* **REQUIREMENT**: From the entries below, write out exactly the lines between the line holding "En este artículo, vamos" and the line holding "創業100年葬儀社の永田屋は", inclusive, excluding any pictures.

* **DATA LISTING**:
========
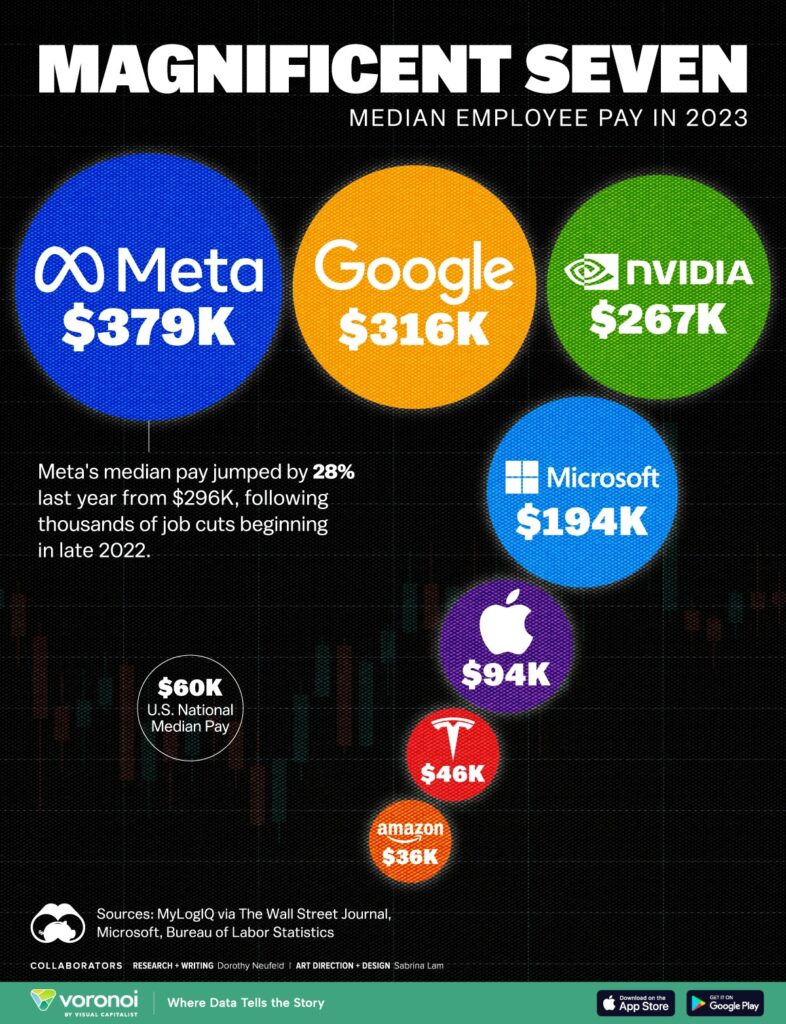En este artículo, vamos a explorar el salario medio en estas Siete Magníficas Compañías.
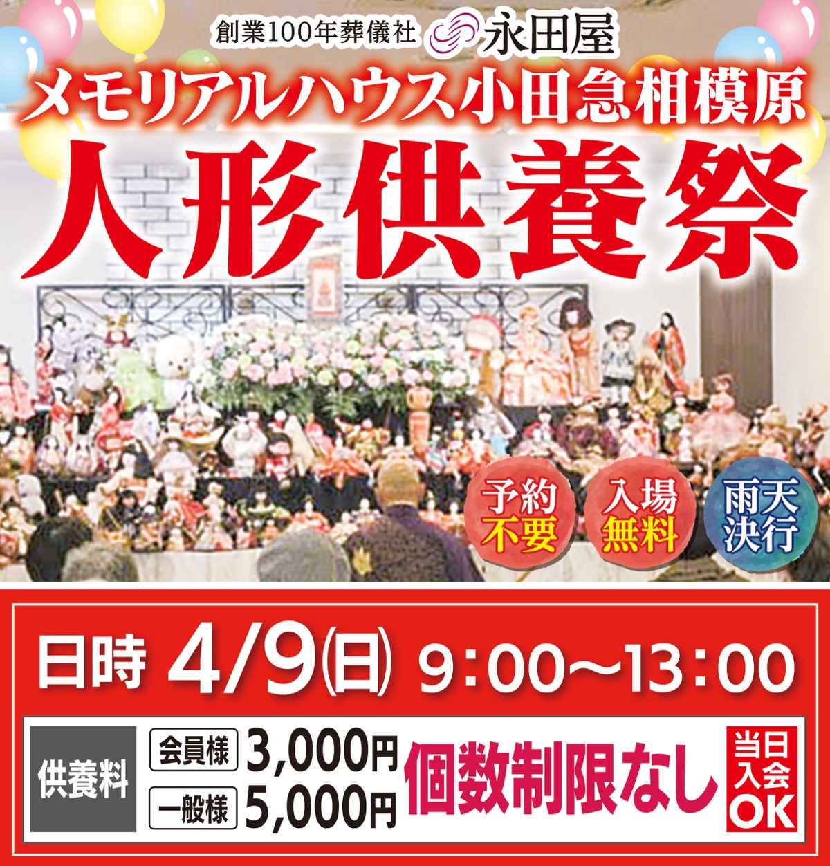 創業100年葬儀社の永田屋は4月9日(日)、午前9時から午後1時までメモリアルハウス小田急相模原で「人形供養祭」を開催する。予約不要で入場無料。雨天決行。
========
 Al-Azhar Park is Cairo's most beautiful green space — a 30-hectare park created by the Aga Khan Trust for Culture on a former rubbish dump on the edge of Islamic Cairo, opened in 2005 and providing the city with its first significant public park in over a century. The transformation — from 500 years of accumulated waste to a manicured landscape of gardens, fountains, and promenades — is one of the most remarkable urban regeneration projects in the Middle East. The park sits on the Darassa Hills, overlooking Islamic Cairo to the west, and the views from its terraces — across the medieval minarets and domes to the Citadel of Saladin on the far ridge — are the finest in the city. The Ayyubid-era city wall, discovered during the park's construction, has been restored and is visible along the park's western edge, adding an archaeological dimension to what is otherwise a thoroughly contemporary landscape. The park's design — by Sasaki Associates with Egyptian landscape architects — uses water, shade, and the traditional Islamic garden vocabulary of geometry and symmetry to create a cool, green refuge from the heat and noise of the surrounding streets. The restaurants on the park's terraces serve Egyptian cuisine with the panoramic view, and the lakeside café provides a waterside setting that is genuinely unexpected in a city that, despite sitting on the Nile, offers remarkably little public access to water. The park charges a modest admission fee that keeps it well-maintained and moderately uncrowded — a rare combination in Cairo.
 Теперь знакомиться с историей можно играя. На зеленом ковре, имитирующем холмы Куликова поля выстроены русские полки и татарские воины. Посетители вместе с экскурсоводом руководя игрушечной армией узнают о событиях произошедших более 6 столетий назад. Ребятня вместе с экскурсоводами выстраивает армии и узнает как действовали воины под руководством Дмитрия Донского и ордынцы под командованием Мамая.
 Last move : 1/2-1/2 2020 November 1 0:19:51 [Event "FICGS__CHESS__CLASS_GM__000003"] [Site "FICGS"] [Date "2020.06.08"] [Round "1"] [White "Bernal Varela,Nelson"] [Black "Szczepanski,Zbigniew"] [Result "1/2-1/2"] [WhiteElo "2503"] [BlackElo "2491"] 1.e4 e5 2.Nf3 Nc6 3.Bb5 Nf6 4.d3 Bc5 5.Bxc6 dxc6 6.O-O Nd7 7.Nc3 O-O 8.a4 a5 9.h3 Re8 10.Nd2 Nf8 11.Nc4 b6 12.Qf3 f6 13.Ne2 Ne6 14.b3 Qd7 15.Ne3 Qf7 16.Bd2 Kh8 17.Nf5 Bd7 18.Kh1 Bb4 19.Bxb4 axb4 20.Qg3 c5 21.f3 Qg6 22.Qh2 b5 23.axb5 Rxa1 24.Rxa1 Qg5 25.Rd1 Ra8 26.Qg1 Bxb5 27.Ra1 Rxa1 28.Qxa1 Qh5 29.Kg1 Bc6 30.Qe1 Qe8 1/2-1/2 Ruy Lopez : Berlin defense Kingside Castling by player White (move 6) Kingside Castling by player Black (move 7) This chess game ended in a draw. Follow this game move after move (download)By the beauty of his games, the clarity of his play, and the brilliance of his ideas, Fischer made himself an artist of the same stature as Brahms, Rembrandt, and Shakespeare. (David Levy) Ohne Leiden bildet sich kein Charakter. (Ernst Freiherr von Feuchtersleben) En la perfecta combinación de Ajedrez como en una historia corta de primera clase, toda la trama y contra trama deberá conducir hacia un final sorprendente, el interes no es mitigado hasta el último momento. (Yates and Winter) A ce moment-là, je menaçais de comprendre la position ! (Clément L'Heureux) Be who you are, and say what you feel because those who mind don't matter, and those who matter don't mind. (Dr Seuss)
========
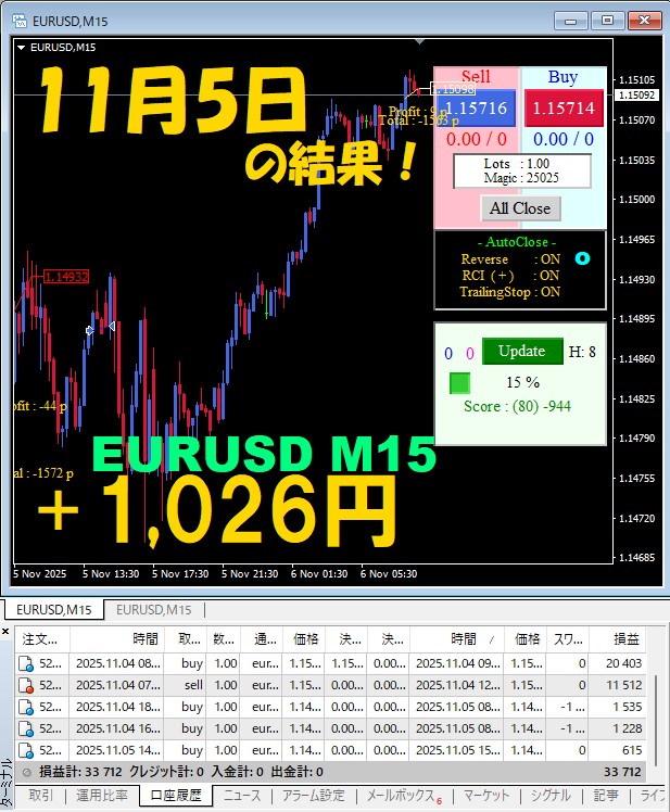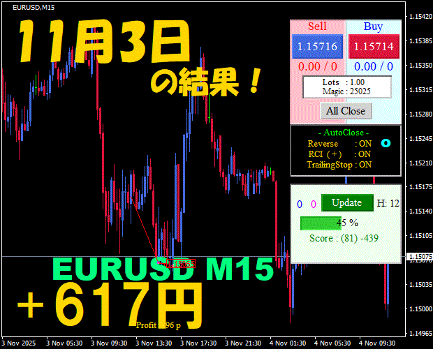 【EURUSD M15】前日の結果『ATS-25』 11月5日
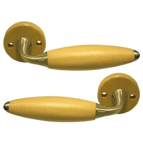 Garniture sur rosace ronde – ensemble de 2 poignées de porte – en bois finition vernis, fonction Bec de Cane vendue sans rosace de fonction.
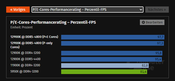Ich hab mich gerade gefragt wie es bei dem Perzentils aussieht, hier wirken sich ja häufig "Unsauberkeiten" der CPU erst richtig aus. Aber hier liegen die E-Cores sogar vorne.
========
* **RESPONSE AREA**:
En este artículo, vamos a explorar el salario medio en estas Siete Magníficas Compañías.
 創業100年葬儀社の永田屋は4月9日(日)、午前9時から午後1時までメモリアルハウス小田急相模原で「人形供養祭」を開催する。予約不要で入場無料。雨天決行。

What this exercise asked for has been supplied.